13. When a validator receives the validatorSession.message.votemessage, it checks whether at least 2/3 of voting weights are received for the block in question. If so, the validator generates validatorSession.message.precommit with a block selected as a candidate for committing.
14. Block committing
15. When a validator receives the validatorSession.message.precommit message, it checks whether at least 2/3 of voting weights are received for the precommit block proposed in the validatorSession.message.precommit message. If so, the validatorSession.message.commit message is generated with a block for commit and the relevant validator signature.
16. When a validator receives the validatorSession.message.commit message, it checks whether least 2/3 of voting weights are received to commit the proposed block. If so, block is committed and a new round is started.
17. If during the maximum number of attempts no block is committed, the round marked as skipped and a new round is started.
18. Block candidate downloading

• To speed up consensus processing there is the validatorSession.downloadCandidate query that can be sent by a validator via broadcast to request a round block-candidate with a specific identifier. A validator makes this query when it has no block candidate for further consensus processing.

2. Internal structures:

1. validatorSession.config. This structure is configured in the zerostate and contains consensus configuration parameters shared by all validators.

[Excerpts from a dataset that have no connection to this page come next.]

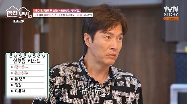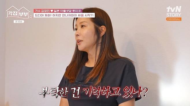 특히 루미코는 "매번 제대로 가져다준 적이 한 번도 없다"라고 토로했고, KCM은 "형이 잘못했다"라며 김정민의 잘못을 인정했다. 루미코가 정장을 부탁한 이유는 애들 학교 행사 때문이었고, "급하지 않았으면 부탁 안 하지. 일본에서 준비해서 가면 되는데"라며 "물건을 안 갖다준 게 문제가 아니라 맨날 내 얘기를 흘려듣는다. 이미 문자로도 남겼다"라고 밝혔다. 이를 본 문소리는 "각집 부부 최초 부부싸움이 일어나냐"라고 말하기도.
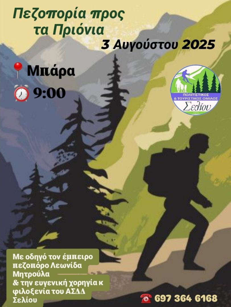 ΠΕΖΟΠΟΡΙΑ ΣΤΗ ΘΕΣΗ “ΠΡΙΟΝΙΑ” ΜΕ ΤΟΝ ΠΟΛΙΤΙΣΤΙΚΟ ΤΟΥΡΙΣΤΙΚΟ ΟΜΙΛΟ ΣΕΛΙΟΥ
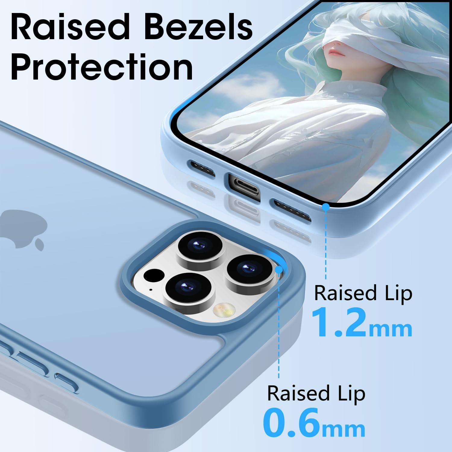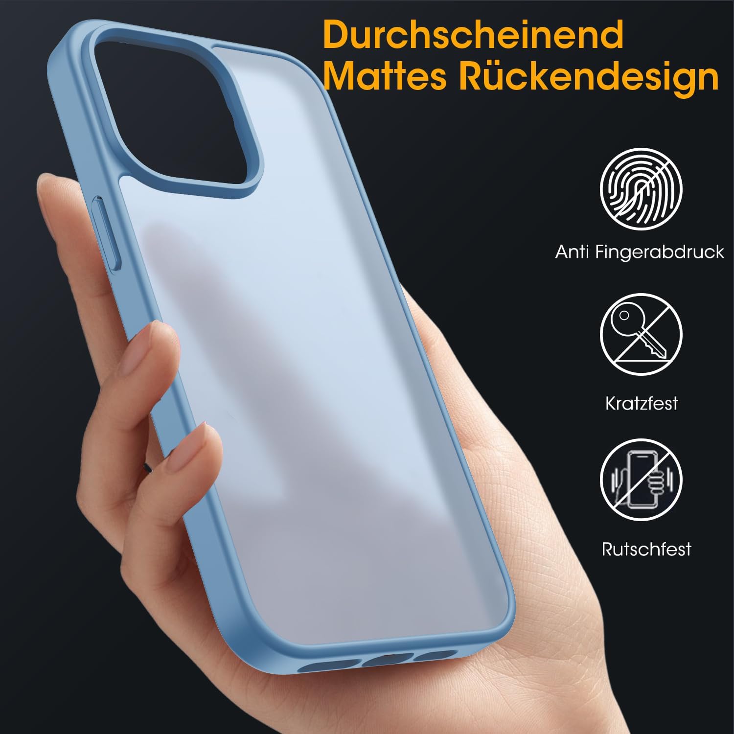 Матов калъф HGH за iPhone 13 Pro Max 6.7 инча, военна защита, защитен калъф от кадифено покритие, матов, против надраскване, прозрачен защитен калъф за гръб, против пръстови отпечатъци (бебешко син)
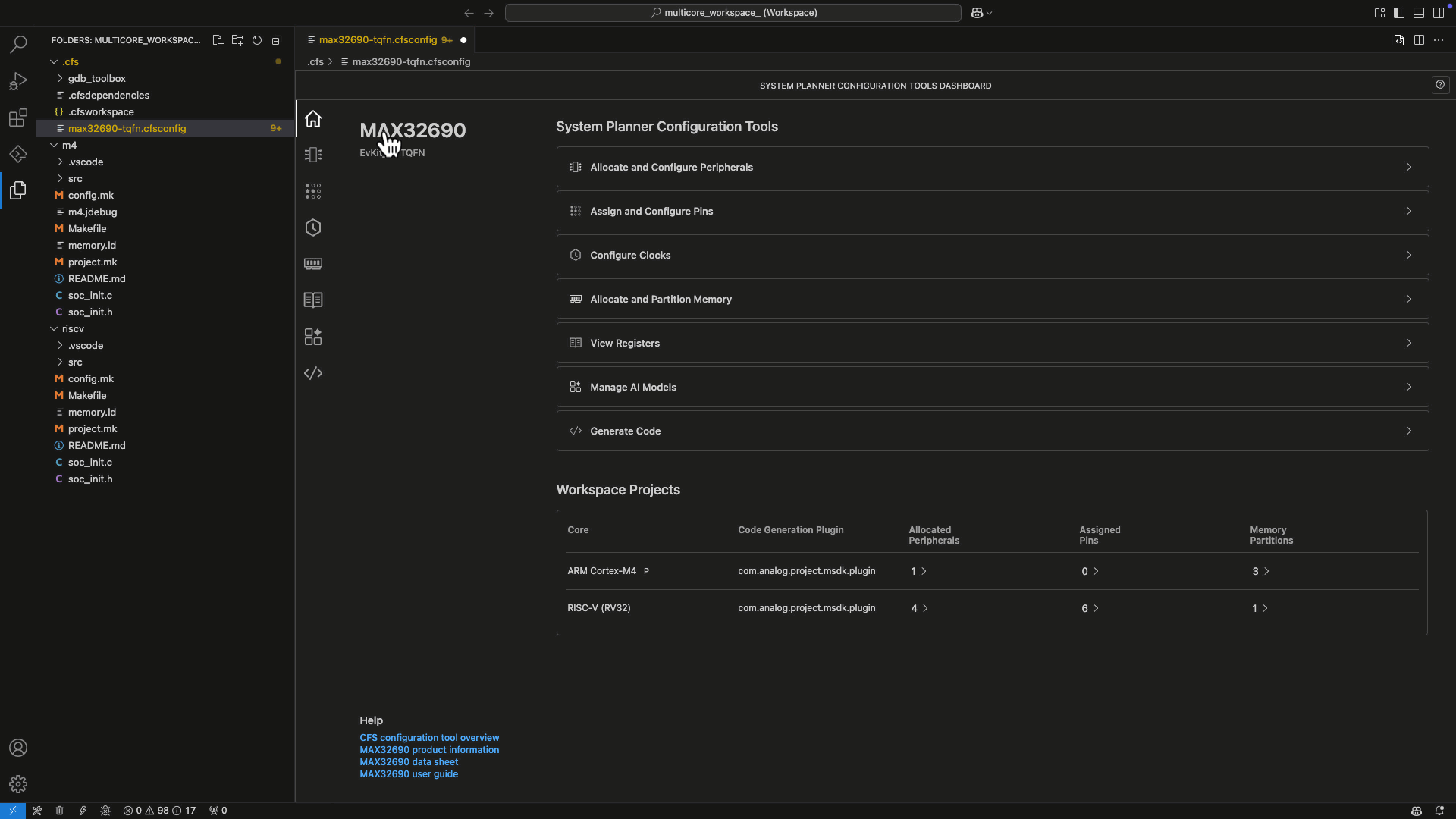 Use the System Planner to visually configure every aspect of your system — from memory and peripheral allocation to pin and clock behavior — and generate ready-to-build source code in one step.
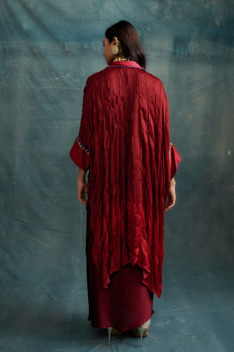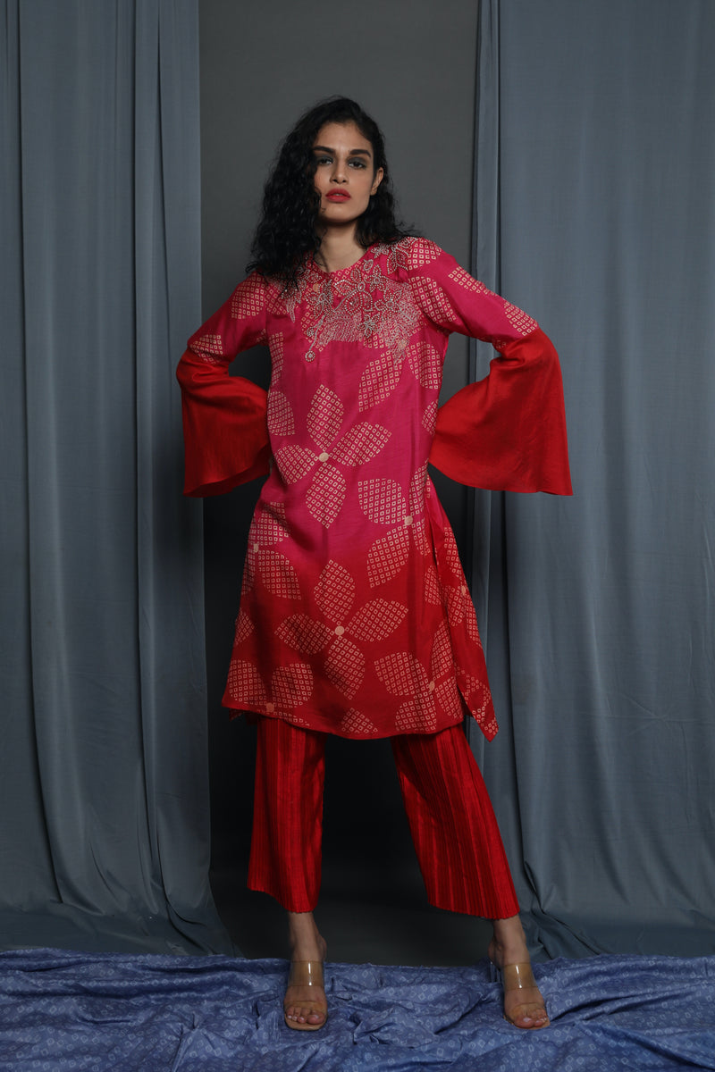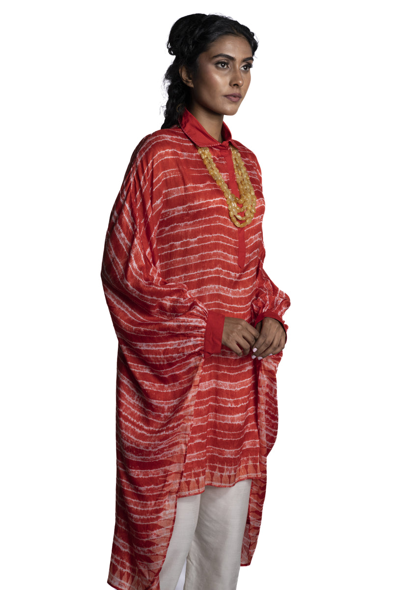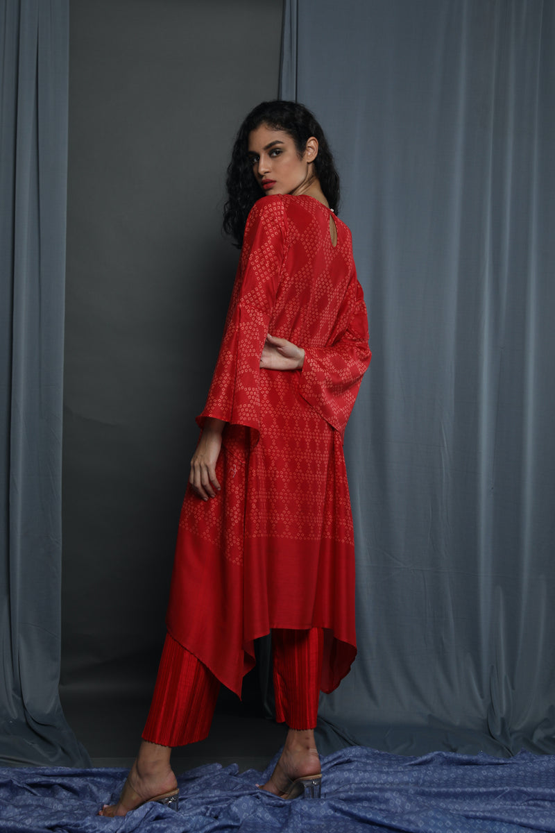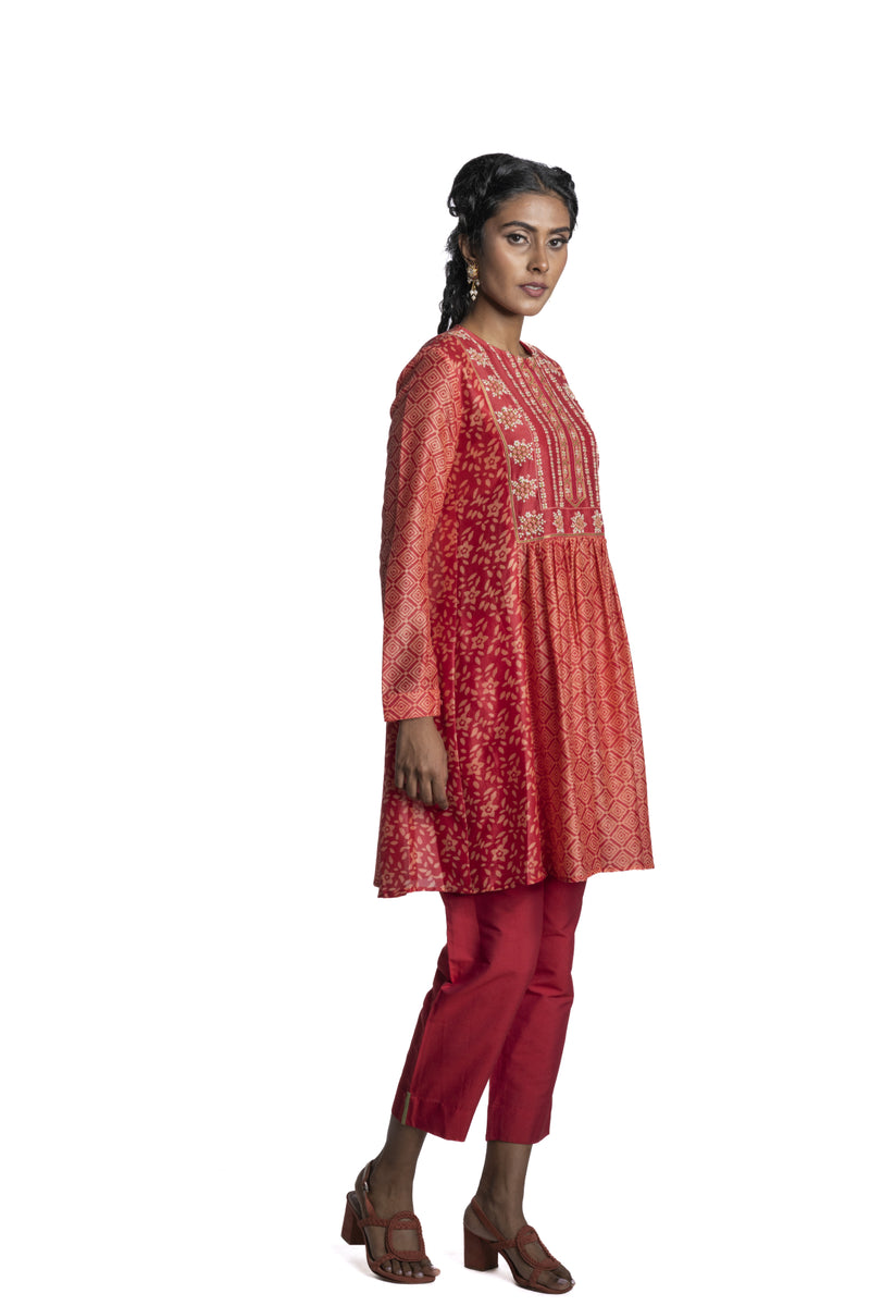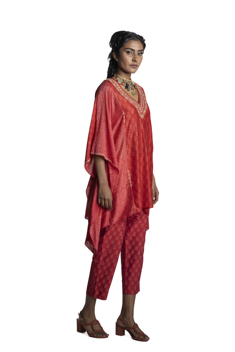 Red Modal Bandhej Embroidered Kaftan Tunic

• catchain_idle_timeout : double - timeout between consensus iterations calls; each consensus iteration may result with new catchain block generation;
• catchain_max_deps : int - maximum number of catchain blocks for merging during consensus iteration;
• round_candidates : int - number of block candidates per round of the Block candidate generation stage;
• next_candidate_delay : double - delay between block candidate proposing;
• round_attempt_duration : int - round attempt duration in milliseconds;
• max_round_attempts : int - maximum number of attempts per round;
• max_block_size : int - max block size;
• max_collated_data_size : int - max size of collated data of the block.

1. validatorSession.candidateId : is a part of the validatorSession.downloadCandidate query and contains block-candidate hashes.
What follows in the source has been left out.